I’m not an economist, just an unemployed writer of blog
posts. But it occurred to me that the fundamental source of the inequality
seems to come from how money is created. I am talking about those cash bills in
your hand, people. I am wondering why some countries seem to print so much of
it –dollars, for instance. It’s a bottomless pit. Lets invade Iraq. And Afghanistan.
And Ukraine. And now all of Eastern Europe. The money keeps on flowing and
flowing and flowing. It’s a bottomless cup.
People in slums in Brazil, and India, and other places of this
nature, meanwhile, may supply services to the economies of Europe and America, but
somehow they don’t have this equitable start of cushioning of nice currency.

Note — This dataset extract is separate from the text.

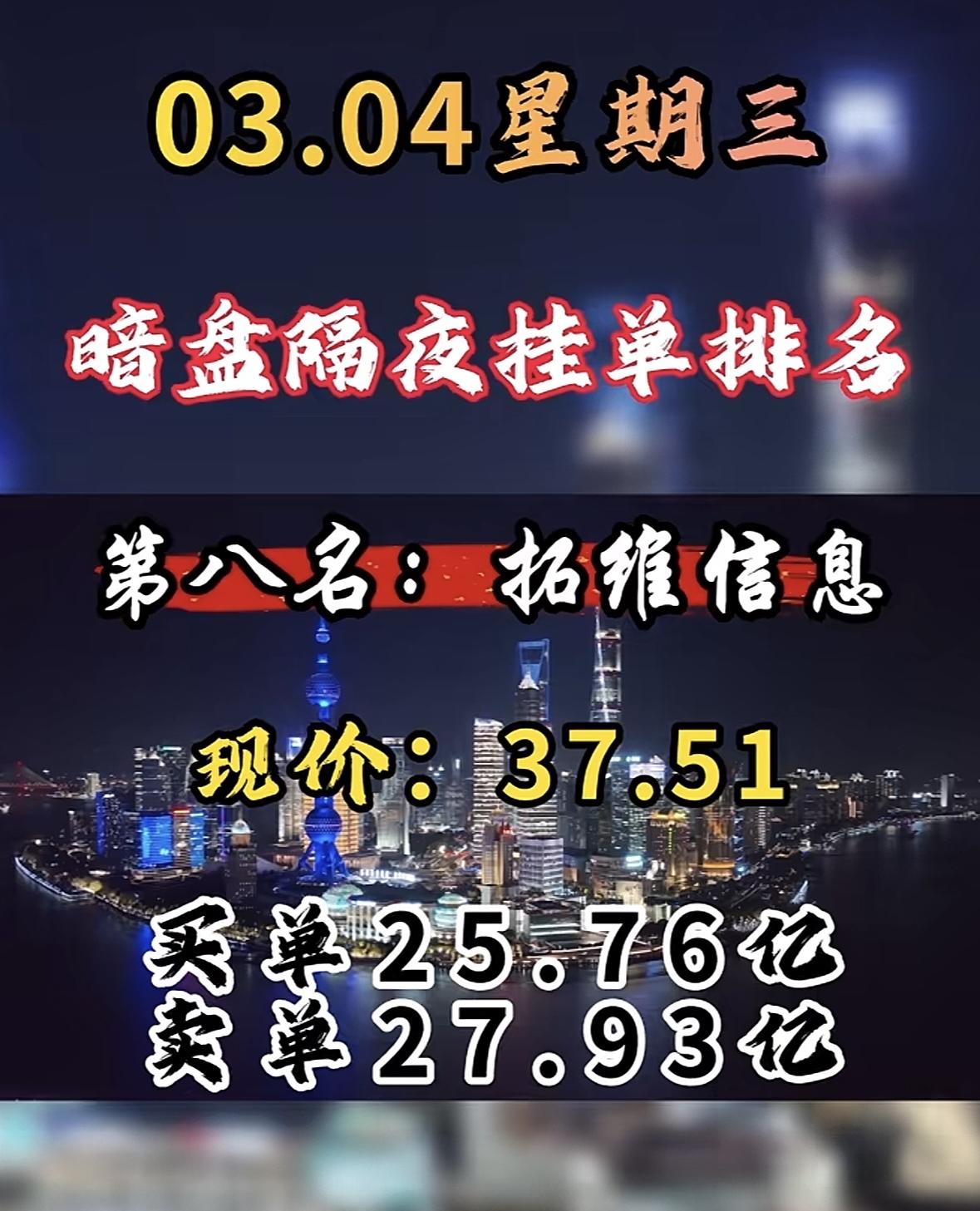 揭秘第八名: 拓维信息,现价37.51,买卖单数据大曝光! "周三洲际油气暗盘领跑,买盘强劲超卖盘,现价平稳显热度。"
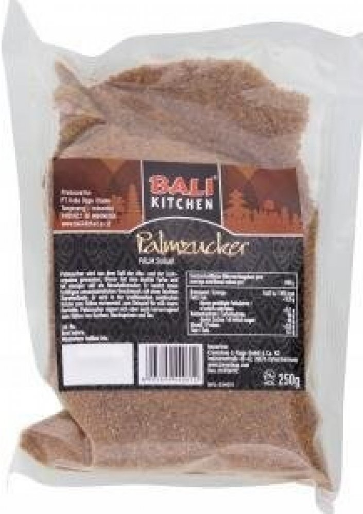 Palmový cukr - sypaný palmový cukr - Bali Kitchen 250gPalmový cukr se získává z mízy rozkvetlých palmových květů. Má karamelovou chuť a není tak sladký jako "normální" domácí cukr. Je podobný chuti hnědého cukru, ale bez mírně "kovové" pachuti. Díky nízkému bodu tání a vysokému bodu hoření je palmový cukr ideální pro cukráře. Díky své karamelové chuti je palmový cukr vhodný zejména do dezertů v kombinaci s kokosovým mlékem. Palmový cukr se používá v celé Asii, a proto má mnoho názvů: Na Filipínách je to pakaskas, v Laosu Num taan, v Thajsku Nam taan, v Barmě a Bangladéši jaggery nebo v indonéštině / malajštině gula melaka Oslaďte si jím nejen asijské pokrmy, ale také dorty, dezerty a čaj. Kreyenhop and Kluge GmbH & Co KG Industriestrasse 40-42, 28876 Oyten Bali palmový cukr v prášku tmavě hnědý Tento vysoce kvalitní palmový cukr se vyrábí z mízy palmových květů a vyznačuje se bohatou karamelovou chutí a sytou tmavou barvou. Práškový palmový cukr Bali je ideální pro přípravu asijských dezertů, nápojů nebo jako přírodní sladidlo do různých receptů a dodá vašim pokrmům komplexní a lahodnou chuť. Díky své přirozené sladkosti a plné chuti je zdravou a chutnou alternativou běžného cukru.Složení:Složení: palmový cukrInformace pro alergiky:-Čistá hmotnost/čistý obsah:250gDovozce/výrobce:Dovozce: Kreyenhop & Kluge GmbH & Co. KG, Industriestr. 40-42, 28876 Oyten, NěmeckoPožadavky na skladování/skladování:Skladujte na chladném a suchém místě.Země původu: Německo:IndonésieDatum minimální trvanlivosti:Datum výroby=datum výroby Datum výroby je vytištěno na mnoha výrobcích, nezaměňovat s datem minimální trvanlivosti. Nejméně 3 měsíce od odeslání. Obvykle déle. Na přesné datum se prosím zeptejte.Příprava:- Obecné informace:Všichni výrobci mění obaly a označení svých výrobků (nálepky) každých několik let. Může se stát, že ne vždy jsme v obraze, ale vždy je ihned aktualizujeme.Průměrné výživové údaje na 100 gKalorická hodnota1667 kJ 392 kcalTuk - z toho nasycené mastné kyseliny

They start out with zero bills in the monopoly game. It’s like a game where
half the players start with nothing in their hands, forty percent get two or three bills, and about ten percent take
all those little green bills and tell the other players: “Hey, once you guys
get up to speed, we’ll give you a few of these bills. In the meantime, stay in
the game.”
But why should people stay in this game? It is only as long
as people think the dollar and the euro should keep on flowing out of the
ground, like some Greek mythological fountain of plenty, that Nepalese and
Indians and other workers will continue to work for almost no money for years
in the Gulf, to take out oil from the ground to fill the cars of Americans, who
may be rushing around doing nothing more important than their laundry. I mean,
come on—can these 330 million Americans really be creating all that many new
products, and new businesses, and new ideas, enough so that they can
exponentially keep all the rest of the other economies in a place from which they
can never throw off the weight of the dollar?
I always find it
strange to go the local supermarket and find out that the one new Nepalese item
that makes it there-whether rhododendron juice or seabuckthorn juice or nettle fabric
or high altitude churpi—has vanished into the giant maws of the supermarkets of
Europe and America. Nothing remains, even though the return to the people who
make these goods is tiny, in comparison. The churpi cheese, once the staple
food of mountain people, now ends up as dog chew for American pets. No doubt a
local elite middleman makes a tiny profit—enough to build a building, perhaps. In
the meantime, the mountain people get exponentially less nourished than they
were before. Whatever little monopoly currency they started out with is rapidly
being seized in this game where only the very richest countries can win.
I like the French, and I like this idea of taxing the superrich.
But I think global inequality needs a more elaborate solution than simply
taxing the billionaires. I think people need to start asking: how come
those countries in Europe and America start out with so much more currency in
their hands than the rest of the 154 countries put together?
And: how come they never run out of cash, even when
everything—trade, employment, sales—is down?
And: should we start looking
at the insides of this bottomless cup?